Si hay una idea básica que debemos retener del juego en animales no humanos es que nuestro juego proviene de él, aunque como indicaba Huizinga, el juego es uno de los pilares que sostienen la cultura humana y supera lo meramente biológico y físico; es decir, se ha dado un salto cultural tanto cuantitativo como cualitativo. Pero millones de años antes de que pudiésemos pasar una tarde con nuestras amigas y amigos jugando un tablero de Mario Party o un blanco del mono en Super Monkey Ball, nuestros ancestros biológicos y otros animales ya practicaban —o lo siguen haciendo a día de hoy— una forma primigenia de juego. El juego, así como la cultura, se revela para la humanidad como un fenómeno con raíz biológica, aunque el hecho de que seamos el animal cultural por excelencia lo haya transformado hasta tal punto que ya no solo jugamos entre nosotros o con cosas, sino solos y a través de cosas, como un ordenador, una videoconsola o un teléfono móvil.
A lo mejor alguien se ha preguntado si los animales no humanos han jugado alguna vez a videojuegos.
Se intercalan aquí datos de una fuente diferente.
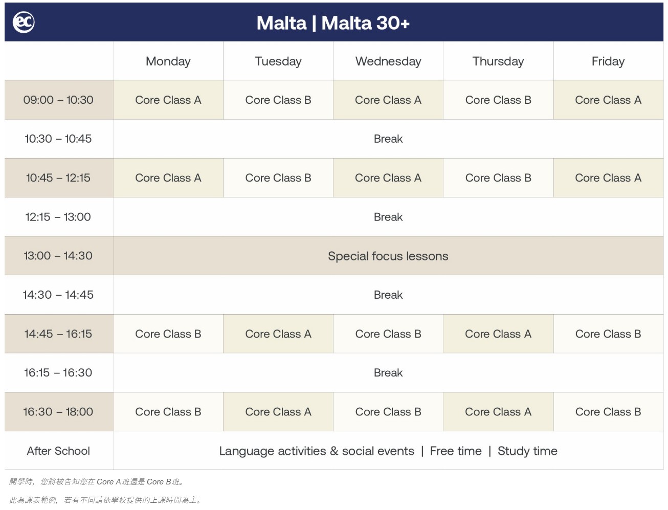 • 綜合技能Core Class A 或 B+每日選修

La respuesta científica es no: los animales no humanos no juegan a videojuegos. Pero la respuesta anecdótica es sí: hay un animal que no es humano y que ha jugado a un videojuego. Se llama Kanzi, es un bonobo y en una de sus numerosas y sorprendentes muestras de capacidad cognitiva se ha echado una partida a Pac-Man. Kanzi es un caso excepcional, pues ha sido criado por humanos (que además han estimulado constantemente su conducta exponiéndole a numerosas pruebas). Pero su ejemplo refuerza la afirmación realizada anteriormente: que la raíz de la cultura y del juego es biológica.
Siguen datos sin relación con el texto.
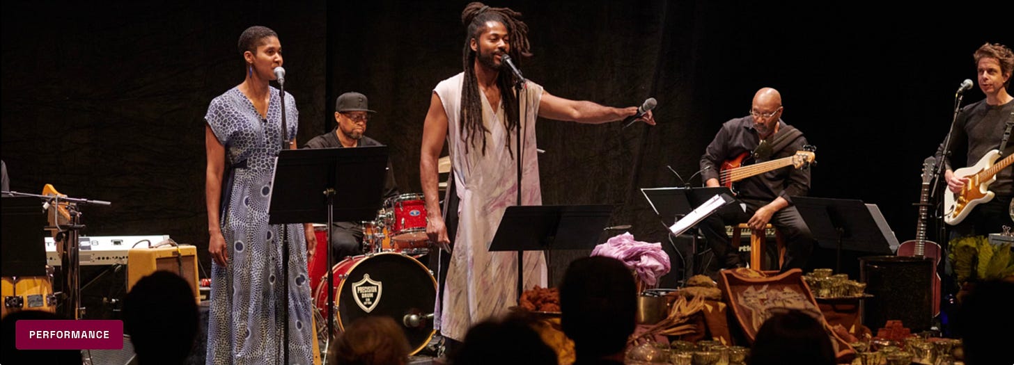 COMMUNION (C7M7N) is a participatory “blues Eucharist” inspired by the artists’ early experiences in the Black Protestant churches of his childhood in the Southeast region of the United States. In collaboration with chef and artist Omar Tate (featured in the Netflix series High on the Hog), food and culture writer Osayi Endolyn (The Rise: Black Cooks and the Soul of American Food: A Cookbook), and visual artist Ambrose Rhapsody Murray, COMMUNION began as an offering to the audience, with poems, prayers, movement, music, and food. The ritual applies the distinct paradox which imbues a Eucharistic meal: the partaking of which is simultaneously a commemoration of death as well as a claim of unity with that which cannot die or be diminished. COMMUNION seeks to construct new spaces and traditions of testimony and witness.”

En nosotros, los videojuegos encierran, no cabe ninguna duda, una complejidad y un simbolismo que nos hacen apreciar una brecha abismal entre la evolución del juego humano y el no humano. Todo ello pese a que la realidad observada nos invite a cuestionarlo continuamente, pues incluso en muchos animales no humanos se ha observado que evitan volver a jugar con quienes han hecho trampas: ahí los tenéis, los camperos originarios.